#### What this task involves
Only the lines below from the one containing "Dokumen ini menjelaskan tentang" through the one containing "2 stok kaarten, met" belong in the answer, set down exactly, with the pictures left out.

#### Excerpted records
++++++
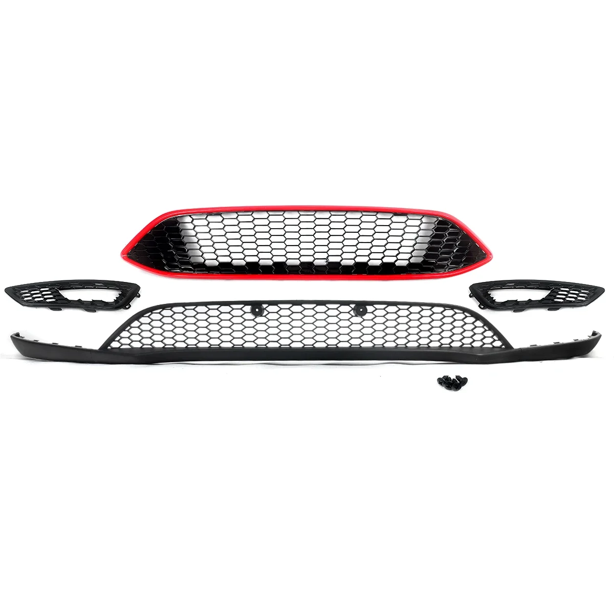 Set Front Bumper Grille +Valance Panel +Fog Light Cover For Ford Focus 2015-2018
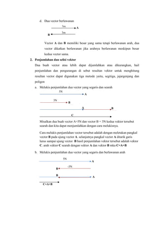 Dokumen ini menjelaskan tentang konsep vektor, mencakup pengertian, penjumlahan, dan pengurangan vektor serta berbagai metode untuk mencapainya, seperti metode segitiga, jajargenjang, dan analitis. Selain itu, dokumen ini menjelaskan cara menguraikan vektor menjadi komponen yang saling tegak lurus. Ditekankan pula perbedaan antara besaran skalar dan vektor serta contoh aplikasi dari teori tersebut.
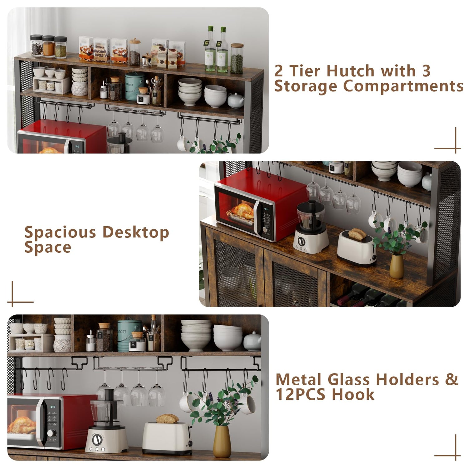 - 【Ample Storage Space】The powerful storage capacity of this wine bar cabinet ensures that everything you need is organized. There are 3 storage compartments on top and 3 Metal Glass Holders and 12 hooks attached below to keep your wine glasses and mugs safe and within reach. The mesh door cabinet with adjustable shelf provides enclosed storage for your dishes, canned goods, snacks and liquor. On the right side of the storage cabinet is the 2-Tier wine bottle storage rack with an open space underneath for more bottles and glassware. The spacious tabletop provides plenty of room for a coffee maker, microwave, toaster, and other items.
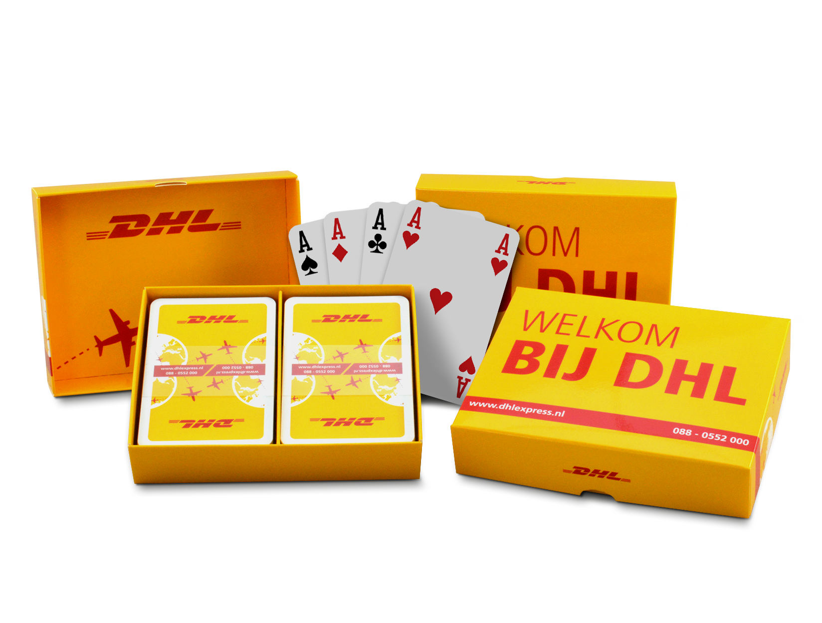 2 stok kaarten, met banderol, in een prachtig all-over in Full Colour te bedrukken gelamineerd doosje. De kaarten zijn gemaakt van 320 grams echt speelkaarten karton of 305 grams mono karton en hebben het internationale Bridge-formaat.
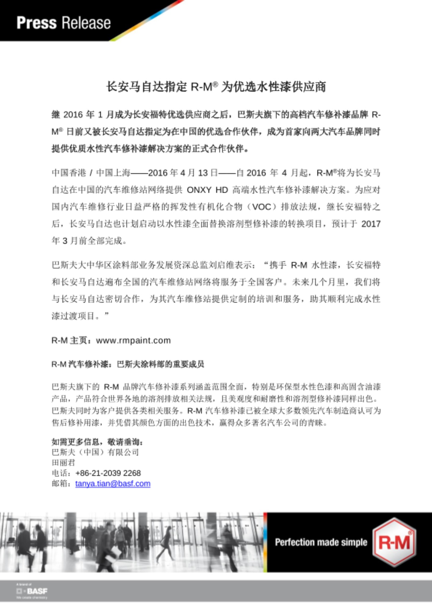 继 2016 年 1 月成为长安福特优选供应商之后,巴斯夫旗下的高档汽车修补漆品牌 R-M® 日前又被长安马自达指定为在中国的优选合作伙伴,成为首家向两大汽车品牌同时提供优质水性汽车修补漆解决方案的正式合作伙伴。
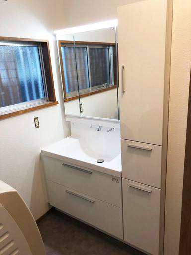 洗面台交換では、タオルの収納にお困りでしたので洗面台横に一緒にトールキャビネットを設置しました。
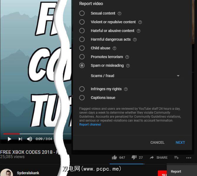 在任何视频上,您都可以单击三点菜单按钮,然后选择报告。然后选择违反的条件,YouTube工作人员将检查该标志以确定它是否合法。
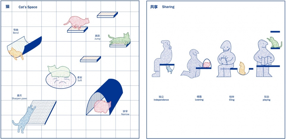装置以趣味性的形式与严谨的尺度逻辑,重构了猫与人共用的连接体与共享物。在寻求统一的共享界面与简化生活设施原型的过程中,传递出一种可持续的设计关怀。
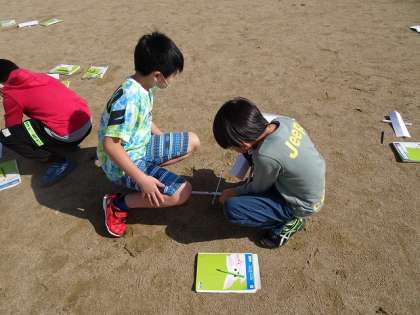 日なたと日かげの地面の温度を測りました 温度の違いに驚いていました。
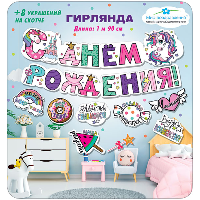 Гирлянда-буквы Мир поздравлений "С днем рождения! Единорожки", 190см, с пикколо
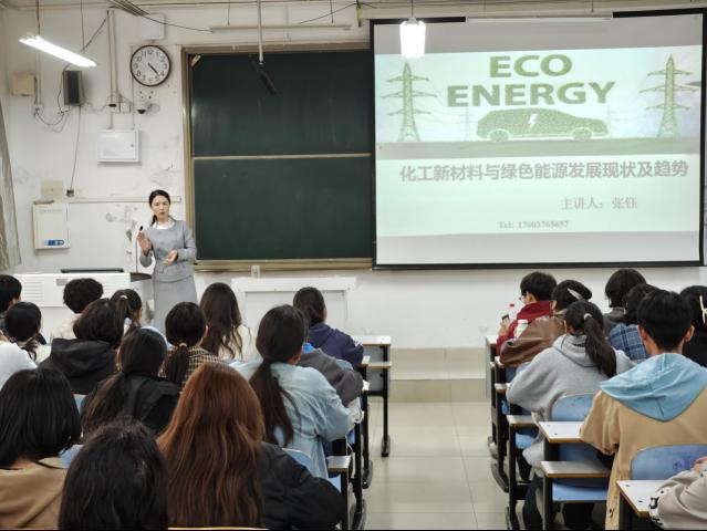 会上,张钰博士基于新能源,为同学们讲解了现下热门化学问题,指明了化学类专业就业前景与方向。她讲述道,如今新能源应用广泛,化工新材料作为新材料产业的重要组成部分,代表未来化学工业的发展方向,随着新兴产业的发展和性能优势的提升,市场需求将持续增长。此外,在讲述中,张钰博士特意强调,现如今绿色环保成为主流,随着全球环保意识的提高和可持续发展理念的普及,绿色、环保型化工新材料将成为市场主流并符合循环经济的发展要求。
++++++
#### Result for this exercise
 Dokumen ini menjelaskan tentang konsep vektor, mencakup pengertian, penjumlahan, dan pengurangan vektor serta berbagai metode untuk mencapainya, seperti metode segitiga, jajargenjang, dan analitis. Selain itu, dokumen ini menjelaskan cara menguraikan vektor menjadi komponen yang saling tegak lurus. Ditekankan pula perbedaan antara besaran skalar dan vektor serta contoh aplikasi dari teori tersebut.
 - 【Ample Storage Space】The powerful storage capacity of this wine bar cabinet ensures that everything you need is organized. There are 3 storage compartments on top and 3 Metal Glass Holders and 12 hooks attached below to keep your wine glasses and mugs safe and within reach. The mesh door cabinet with adjustable shelf provides enclosed storage for your dishes, canned goods, snacks and liquor. On the right side of the storage cabinet is the 2-Tier wine bottle storage rack with an open space underneath for more bottles and glassware. The spacious tabletop provides plenty of room for a coffee maker, microwave, toaster, and other items.
 2 stok kaarten, met banderol, in een prachtig all-over in Full Colour te bedrukken gelamineerd doosje. De kaarten zijn gemaakt van 320 grams echt speelkaarten karton of 305 grams mono karton en hebben het internationale Bridge-formaat.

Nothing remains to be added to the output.